Vereniging Beurs voor den Diamanthandel
AMSTERDAM, September 17th.,1890
on this day the VEREENIGING BEURS VOOR DEN DIAMANTHANDEL (Association Bourse for the Diamond Trade), was officially registered. This fact was the ouverture to the opening of the first Diamond Bourse in the world, later becoming the foundation for the international network of diamond bourses united in the WFDB, the World Federation of Diamond Bourses, with 30 members uniting over 25.000 professionals in the field of diamonds, worldwide!
Amsterdam - Anno 1890 - The oldest diamond-exchange in the world
Member of the World Federation Of Diamond Bourses
Our association is an organisation very much alive! Still going strong after 125 years of existence, protecting the interests of the diamond-trade in the Netherlands and safeguarding the strict rules created by the WFDB in co-operation with other organisations to regulate the diamond trade. The association guards the interests of both trade and con-sumer, as buying diamonds is a matter of utter trust in the skills of the diamond-dealer, lending his ability to the jeweller, the last professional in the chain of the diamond trade, who, ultimately, assures the consumer that the diamond he is about to buy is up to the standards he expects...!
The exchange has seen very prosperous times as well as suffering and turbulence especially during the Second World War, which left Amsterdam with deep scars, forcing the city to yield its, previously unquestioned, title of Diamond Center of the World to Antwerp.

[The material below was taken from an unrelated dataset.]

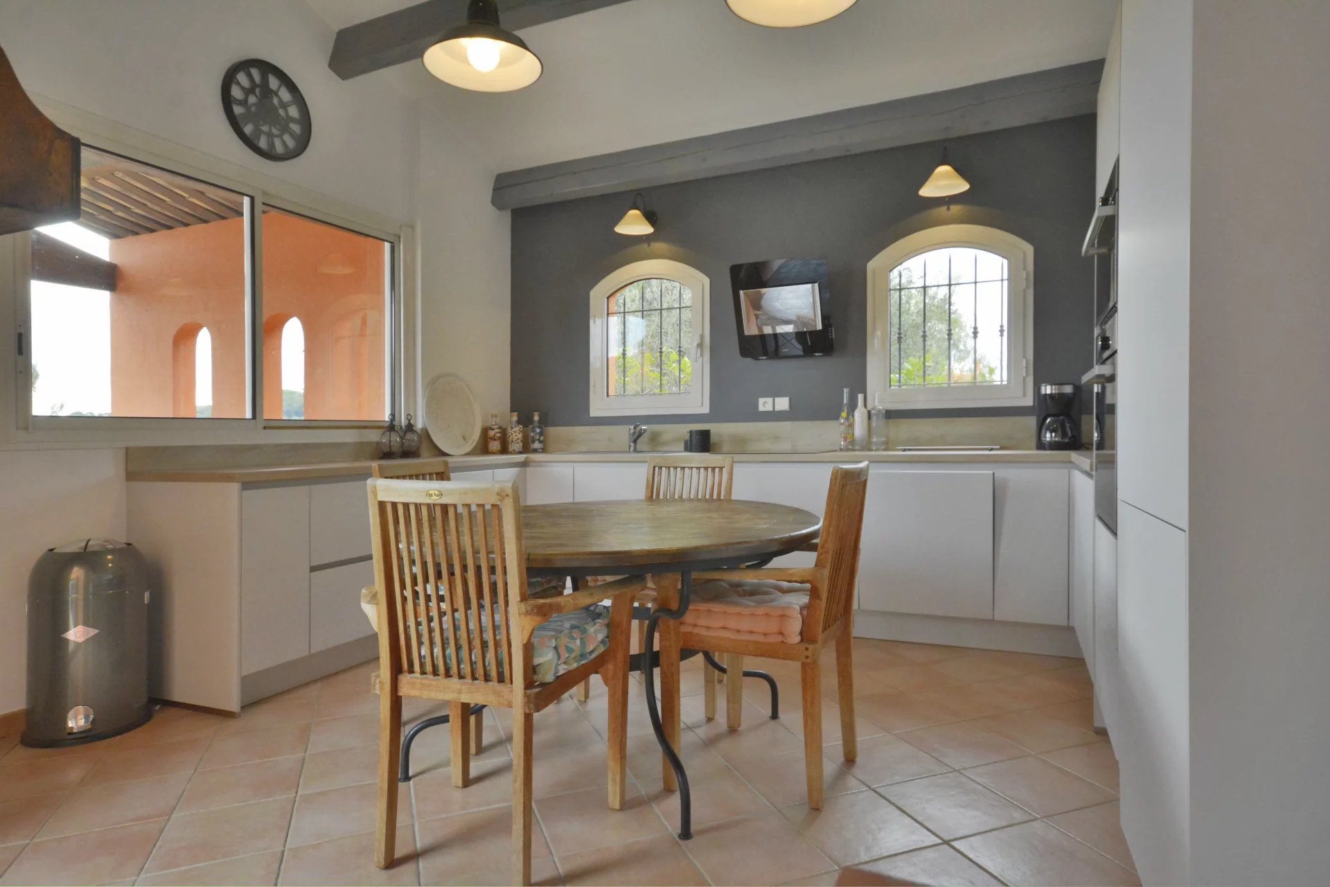 Near Valbonne : residential area, quiet, beautiful Provençal villa, enjoying a clear view, offering : entrance hall, large and bright living/dining room, equipped open-plan kitchen, laundry room, 3 bedrooms including 1 on one level and 2 bathrooms. Planted land of 2 694 m² with beautiful swimming pool area. Independent studio. Garage of 40 m².

Nevertheless, the Amsterdam Diamond Bourse has developed into the breeding-ground of organized diamond trading in the world...! Aside from this the first Union, that of Diamond-workers, the NDB, was established in Amsterdam, later to develop into a more general workers-union, the FNV.
This union was one of the first organised labour-initiatives in the world.
First building of the exchange
Board-room in the old exchange
Amsterdam, the capital of the Netherlands, still plays an important role in the diamondtrade, as it did for hundreds of years, and, more importantly, the city appeals to the imagination of all those who are interested in diamonds, worldwide. Still linked to the city are important diamond-firms as Asscher, Gassan and Coster who continue to uphold the well-established position of Amsterdam, and present themselves throughout the world.
In 1989 the Bourse moved to a more practical, new building in one of the busiest business-districts of Amsterdam.